## TO DO
Leaving out the pictures, return word for word the stretch of entries below from the line holding "تعرّضت ليلة البارحة" through the line holding "[웨스트리딩=AP/뉴시스] 25일(현지시간) 미국".

## DATA EXTRACT
*** Begin section ***

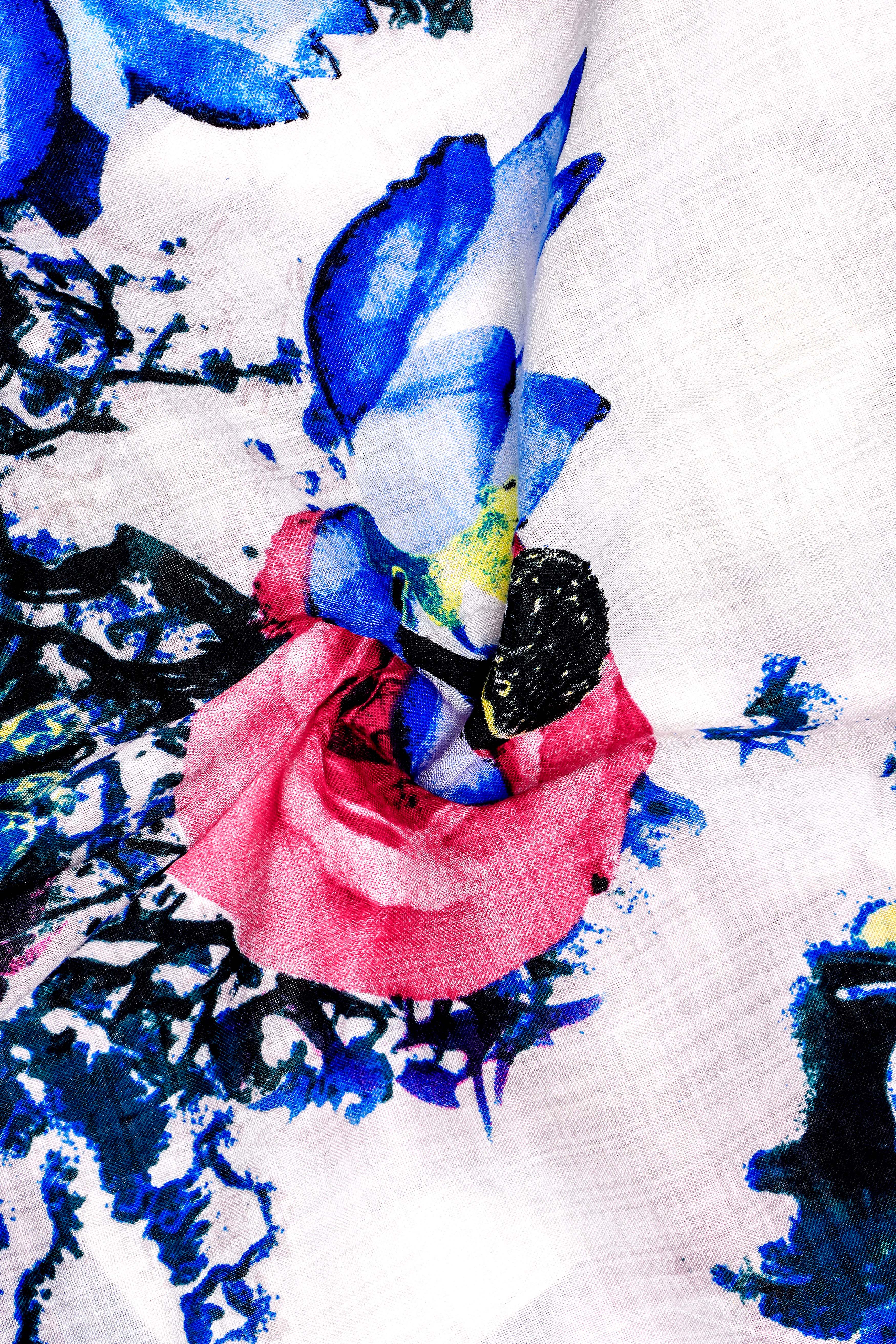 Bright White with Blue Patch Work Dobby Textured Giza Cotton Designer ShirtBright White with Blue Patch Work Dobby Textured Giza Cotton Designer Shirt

*** End section ***
*** Begin section ***

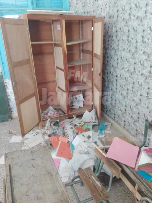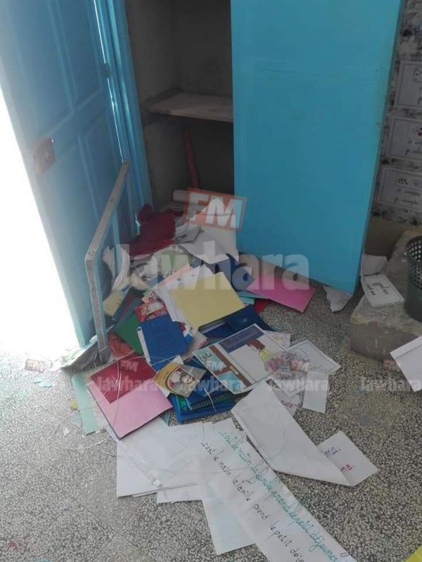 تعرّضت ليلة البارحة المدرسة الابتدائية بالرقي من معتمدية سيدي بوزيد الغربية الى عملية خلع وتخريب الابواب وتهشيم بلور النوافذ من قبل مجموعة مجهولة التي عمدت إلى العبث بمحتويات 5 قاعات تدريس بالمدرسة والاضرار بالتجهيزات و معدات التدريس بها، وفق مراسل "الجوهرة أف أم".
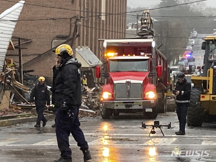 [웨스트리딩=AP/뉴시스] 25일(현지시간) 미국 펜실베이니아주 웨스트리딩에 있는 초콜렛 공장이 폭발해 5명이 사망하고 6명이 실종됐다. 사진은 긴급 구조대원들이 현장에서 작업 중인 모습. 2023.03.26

*** End section ***
*** Begin section ***

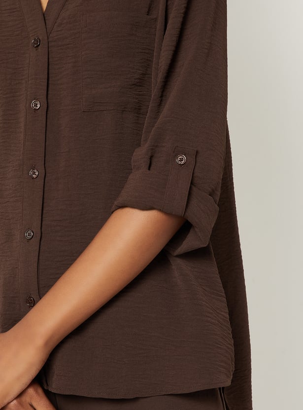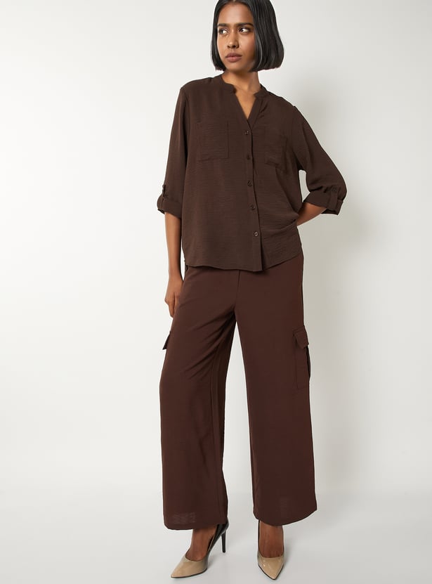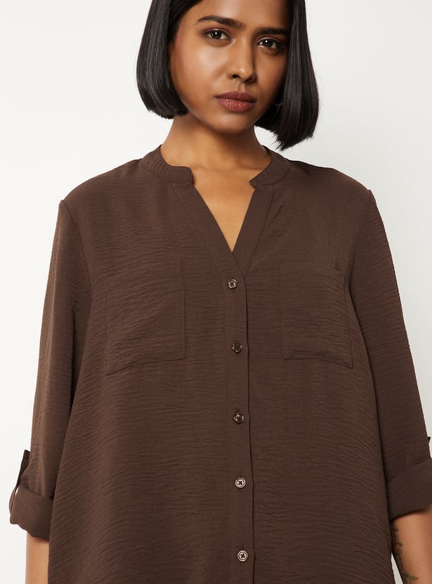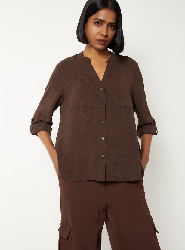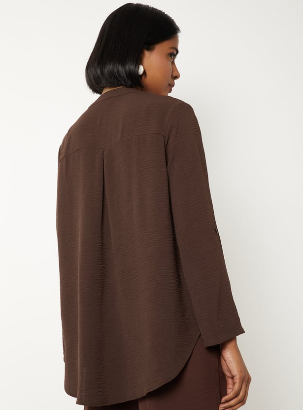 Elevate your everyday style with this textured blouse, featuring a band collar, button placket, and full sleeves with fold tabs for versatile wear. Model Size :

*** End section ***

## RESPONSE TO THIS EXERCISE
 تعرّضت ليلة البارحة المدرسة الابتدائية بالرقي من معتمدية سيدي بوزيد الغربية الى عملية خلع وتخريب الابواب وتهشيم بلور النوافذ من قبل مجموعة مجهولة التي عمدت إلى العبث بمحتويات 5 قاعات تدريس بالمدرسة والاضرار بالتجهيزات و معدات التدريس بها، وفق مراسل "الجوهرة أف أم".
 [웨스트리딩=AP/뉴시스] 25일(현지시간) 미국 펜실베이니아주 웨스트리딩에 있는 초콜렛 공장이 폭발해 5명이 사망하고 6명이 실종됐다. 사진은 긴급 구조대원들이 현장에서 작업 중인 모습. 2023.03.26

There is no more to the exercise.